Building competitive edge with information
We live in the time of excess. All around us – and especially on the internet – massive amounts of data are produced. Yet the real value and source of competitive advantage is such information that describes a market segment in the most comprehensive and accurate way. This is particularly important in e-commerce, for which the net is the natural environment.
by Mateusz Gordon, e-commerce expert & Tomasz Lechowicz, business advisor at Gemius
IDC analysts estimate that the amount of created and stored information globally doubles every eighteen months. For companies operating on the internet, easy access to a wide scope of data sources is an obvious need. What is important, however, is the skill of archiving and performing real time analysis, which in turn provides a dynamic picture of the market situation, including the business environment, as well as forecasting and strategy building. In such industries as e-commerce, we do not only deal with companies that are naturally set in the virtual realm, or with vast amounts of stored data. We can quickly react to changes in customer (internet users') preferences, adjust marketing budgets and the offer in response to the competitors' undertakings and general trends.
Wheat or chaff?
The 'vast amounts of data' (Big Data) referred to above are both a chance and challenge to business. Innovative technological solutions are necessary to separate wheat from chaff, providing the right tools for analysis and ordering up information. How can you benefit from advanced analytics and how is Big Data used in e-commerce?
Segmentation of audience
The most basic analytical tool is segmentation of users. This provides an overview of those net users who are either customers or visitors to an e-commerce platform. It comes down to description of customers with a set of features that define their similarity to others in the same group and at the same time, differ them from others. The data used to perform such segmentation may be obtained from:
- CRM systems (customer base management; contact details, shopping history, frequency of shopping, etc.);
- external web analytics systems (following internet users' actions on a website, their behaviour on a website, sources from which the users came, what they dropped in the cart before finally abandoning it, etc. );
- external systems within the framework of a chain or brand (e.g. loyalty cards and data about offline customer behaviour);
ad hoc research (surveys clarifying some of the user's actions, e.g. why they abandoned the cart, whether they have seen the ad, if they have been to competitors' websites, what price comparison sites they use, etc.).
Every internet user, including those visiting the e-commerce platform, is at some point of a customer lifecycle. The cycle is most often divided into three stages: gaining, conversion and retention. At each of these stages the user's 'life' can be analysed with consideration of:
- the costs that should be incurred per an internet user to change his profile (e.g. from a potential to an obtained customer, from an obtained to a converting one, from a converting to a loyal or retained one);
- the chances for such profile change (the probability that, for example, a potential customer becomes an actual customer of an e-shop);
- the profits that can be obtained as a result of profile change or of keeping a user at the current stage (converting or retained ones);
the average time for which an internet user is to stay within a particular profile (i.e. at one of the stages).
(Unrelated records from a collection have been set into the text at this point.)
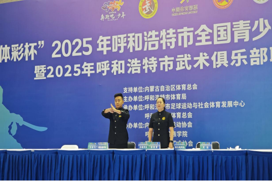 10月1日至3日,由内蒙古自治区体育总会支持,呼和浩特市体育局、呼和浩特市足球运动与社会体育发展中心、呼和浩特市体育总会联合主办,内蒙古武术运动协会、呼和浩特民族学院、呼和浩特市武术协会共同承办的“体彩杯”2025年呼和浩特市全国青少年武术套路邀请赛暨2025年呼和浩特市武术俱乐部联赛总决赛,在我校体育馆隆重举行。作为承办单位核心力量,体育学院全程统筹赛事组织、执裁与服务保障工作,以专业能力为赛事圆满落幕筑牢坚实支撑。
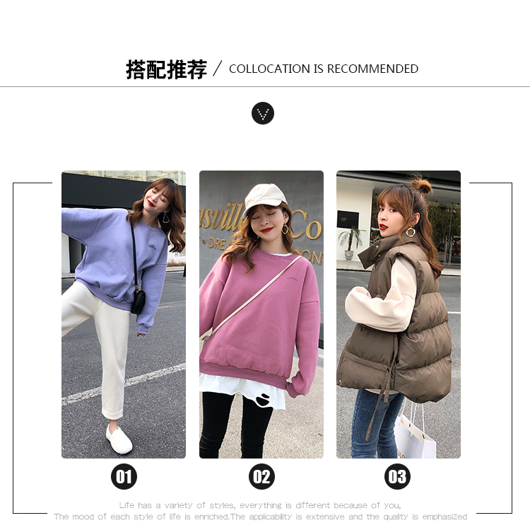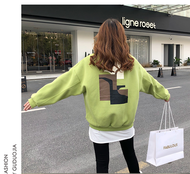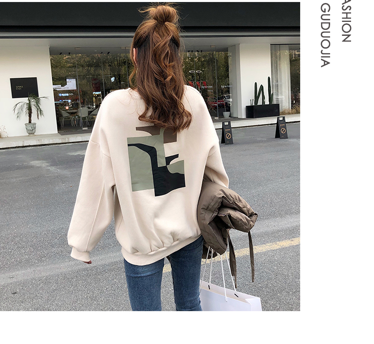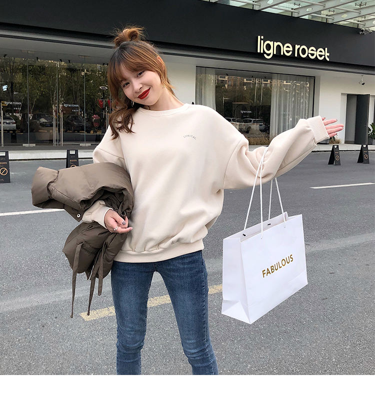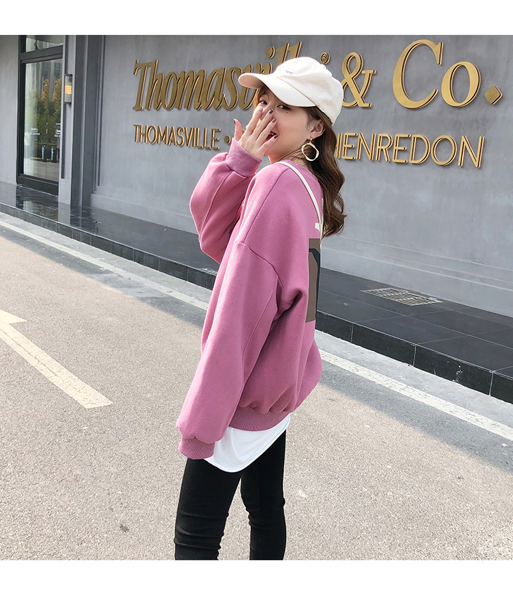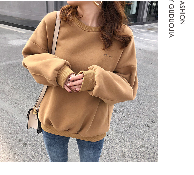 2019秋冬新款寬松韓版加絨加厚衛衣女ins潮短款學生百搭衛衣外套1入
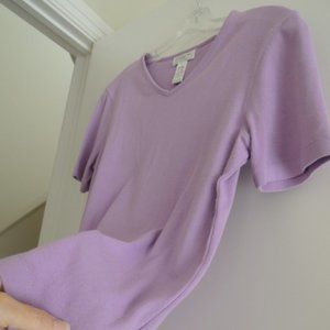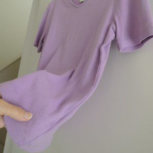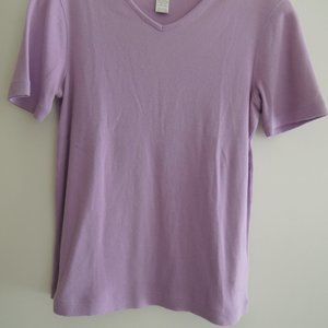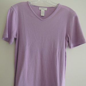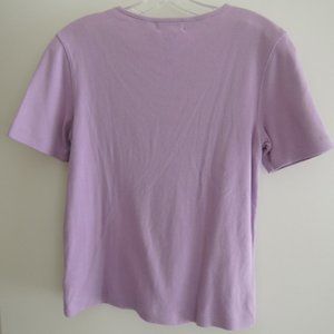 Classic fit, this 100% cotton, v-shaped crew neck top is perfect for tucking into high-waist flares or layering over workday staples like slacks and pencil skirts. It's also the perfect underpinning to any jacket or cardigan, making it an office style essential as well as an everyday favorite for casual and all occasions.This women's/misses/ladies short-sleeved top is 100% cotton, a lilac purple color, with a slight stretch to it for size adjusting. Sewn-in tags state "Jones New York Sport, 100% cotton, Made in Northern Mariana Islands (USA)". Worn once for an occasion, then properly cleaned and stored flat, not on hanger, in a cool, dry place. Originally purchased as a gift at a high-end dept. store on Michigan Ave. in Chicago for $49.00 (plus tax which you don't pay to me), making this top a real bargain. Overall excellent gently used condition, may show some shelf wear/slight pilling as it was jostled around from time to time among other stored tops. Comes from a smoke free/pet free home.
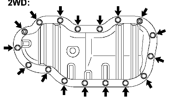 g. Install the oil pan with the 17 bolts and 2 nuts. Tighten the bolts and nuts uniformly in several steps (for 2WD).
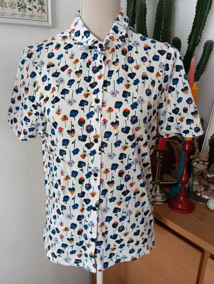 Top boutonné en coton stretch jersey fleuri Monoprix taille XS - photo numéro 1
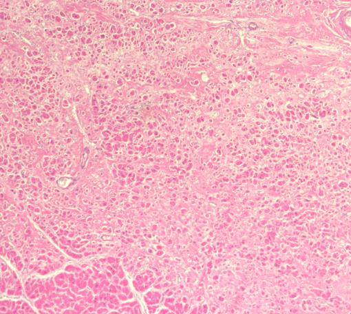 镜检:腺体轮廓尚可辨,未见明显异常,腺体细胞轻度自溶。

By analysis of the above indicators, you can assess the potential of individual website users, optimize the indicators (with the available marketing tools) and improve sales figures at the online platform.
Customer potential and loyalty
Accurate analysis of data is a way to assess the loyalty of customers (and their groups) as well as their purchase power. 'Share of wallet' is a kind of comparative analysis (based on data on the entire segment of market, including competition results) concerning soc-demo profiles of internet users (their age, education, place of residence, earnings, number of persons in a household, etc.). This way it is possible to fish out the data describing your group of interest from an ocean of information, to check what amounts are spent on shopping, what share of that money lands in your budget (by confronting market data with your own data generated with CRM).
Big Data also offers you the possibility to conduct a number of analyses carrying effectiveness value (ROI) – providing information on how profitable an e-business investment is. A most interesting example, which may serve as an illustration of the new trends in the online world, is 'post view' – an analysis of a campaign's branding effect. Gemius data (AdMonitor reports) allow to conclude that internet users are increasingly inspired by marketers' messages. They interact with a brand or make purchases not as a result of a conversion from an ad to a website. Instead, they take up action based on their interest in a brand, in response to nothing more than a campaign (searching for products online, liking a Facebook fan page, etc.).
All possibilities offered to e-commerce by Big Data are strongly related to automated marketing processes and implementation of advanced IT tools. Behavioural targeting, or marketing communication adapted to a user profile (compiled on the basis of historical data on such user's online behaviour) may be one example of that, so can recommendations, personalized messages, as well as sales forecasting (management of stock based on Big Data). Huge data resources, when appropriately exploited, economise time and costs, add up to effectiveness of a business, with immediate impact on profitability.